We have a well-defined Definition of Done (DoD) and we ensure that all code is thoroughly reviewed before merging into the main branch. We use pull requests for code review and have a checklist in place to ensure all necessary checks are performed before merging. We also have a clear process in place for addressing and resolving conflicts.

We will be using GitHub Issues to manage our work and we will be working in shorter development cycles, with a focus on delivering functional and tested features in a timely manner, to ensure that we meet the deadline.

Our team follows a set of coding standards to ensure consistency and maintainability of the codebase. These standards include:

• Naming conventions for variables, functions, and classes: We use camelCase for variable and function names, and PascalCase for class names.
• Indentation: We use 2 spaces for indentation.
• Comments: We use inline comments to explain the purpose of a block of code or to provide additional information about a particular piece of code.
• Git Commit messages: We follow the convention of "verb + object" (e.g. "Fix bug in login page" or "Add tests for new feature").
• File Structure: We separate the code into different files and folders based on their functionality, this makes it easy to navigate and find the code that we need to work with.
• Code Review: Before merging any pull request, we will have at least one other team member review the code.

We also use tools like ESLint and Prettier to help enforce these coding standards, and we have a clear process in place for addressing and resolving any issues that may arise.

Our team uses ESLint as our linter to catch and prevent errors in our code. ESLint is a powerful linting tool that helps us to maintain a consistent code style and structure, and to identify potential errors and bugs early in the development process.

The workflow eslint.yml is set up to run ESLint on push events to the main branch, and also on pull request events to the same branch, this ensures that the code is linted before being merged. Additionally, the workflow is set to run on a schedule every Tuesday at 14:28.

We have configured ESLint to use the popular airbnb JavaScript style guide as our base configuration, this provides us with a set of well-established coding conventions and best practices that we can follow. Additionally, we also use a set of custom rules that are specific to our project, to further improve the quality of our code.

To ensure that everyone on our team is following the same coding conventions, we have set up a GitHub action that runs ESLint on all files in the repository, and checks for errors or inconsistencies in the code.

You can check and run the linter on your local machine by running npx eslint . command on the root of the project and fix errors according to the output.

In order to ensure the quality and functionality of our Calculator project, we will be implementing the following SQA strategy:

• Unit Testing: We will be writing unit tests for all functions and methods in the calculator using Jest. This will ensure that all individual components of the calculator are working as intended.

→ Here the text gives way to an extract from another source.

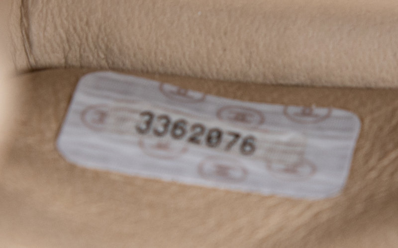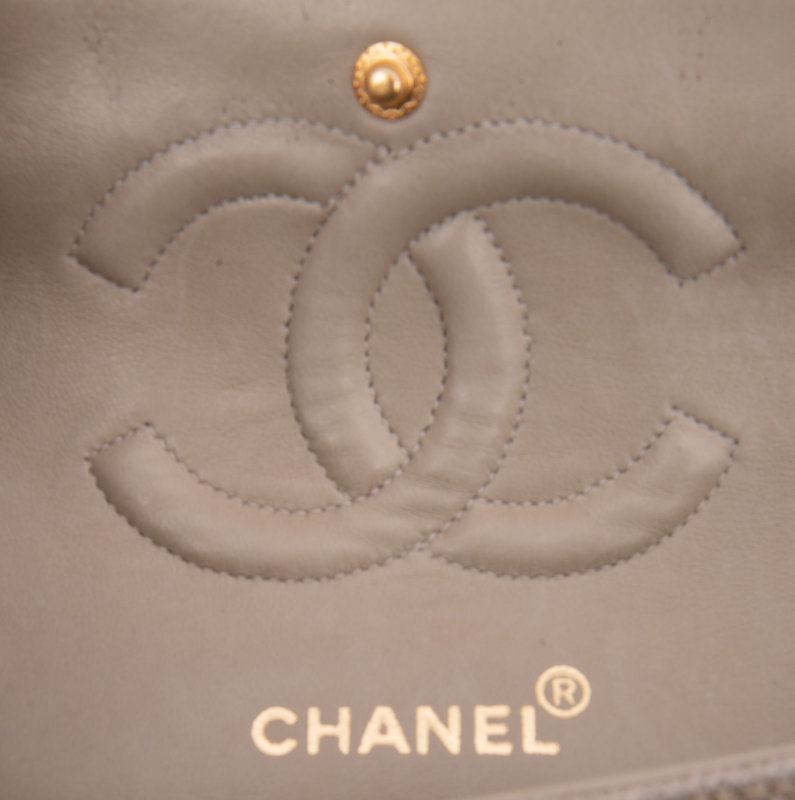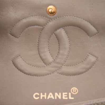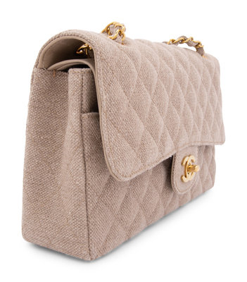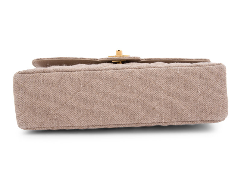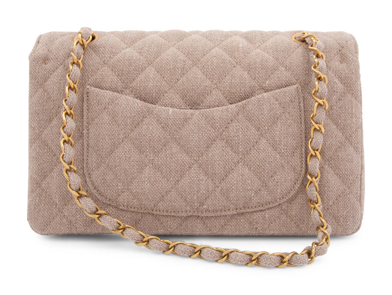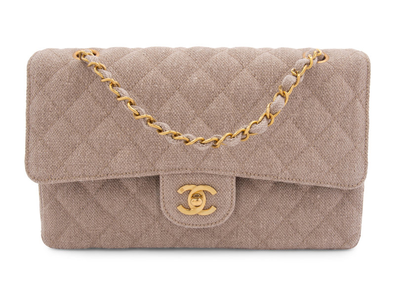 Beige quilted canvas medium double flap bag lined in beige leather with gold-tone chain and braided canvas adjustable handles, and front gold-tone CC turn lock closure.

• Integration Testing: We will be conducting integration testing to ensure that all the functions and methods are working together as a cohesive unit. We will be testing all possible inputs and scenarios to ensure that the calculator can handle edge cases and unexpected inputs.

• Functional Testing: We will be testing the calculator's functionality to ensure that it can perform all the necessary mathematical operations (addition, subtraction, multiplication, and division).

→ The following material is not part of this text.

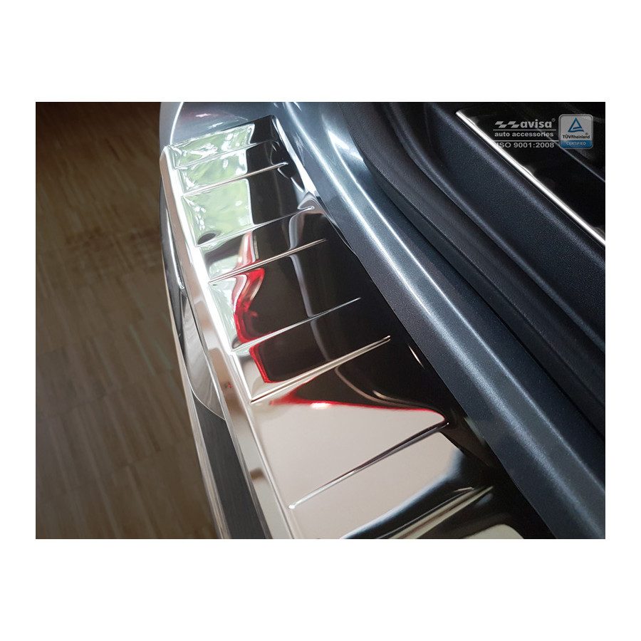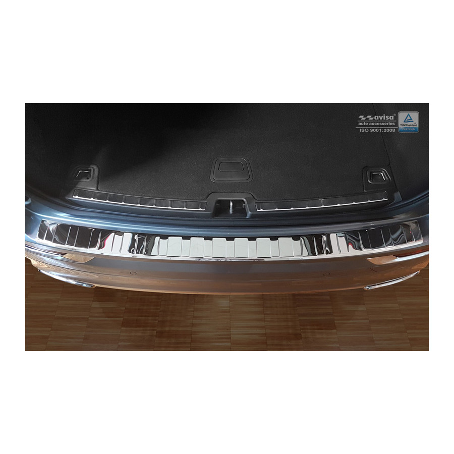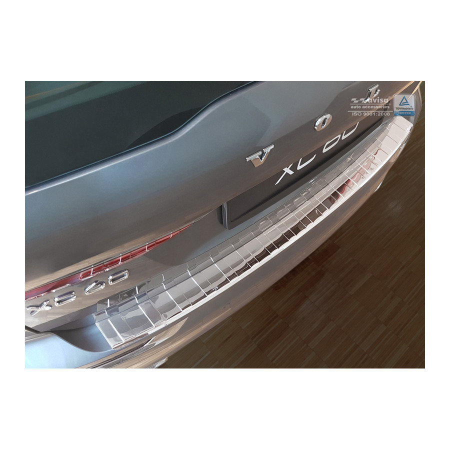 Volvo XC60 II 2017- Chrome stainless steel (powder coated) rear bumper protector prevents damage to your car. Most cars are equipped with a painted rear bumper molding. For example, if you load items into the car, the top of the rear bumper is easily scratched. The rear bumper is very sensitive to damage and the costs for repairs and respraying are high.

• Usability Testing: We will be testing the calculator's usability by using it ourselves, as well as by observing others using it. This will help us identify any usability issues and improve the overall user experience.

• Regression Testing: We will be conducting regression testing to ensure that any updates or changes made to the calculator do not negatively impact any existing functionality.

• Acceptance Testing: We will be conducting acceptance testing to ensure that the calculator meets all the requirements and specifications outlined in the project.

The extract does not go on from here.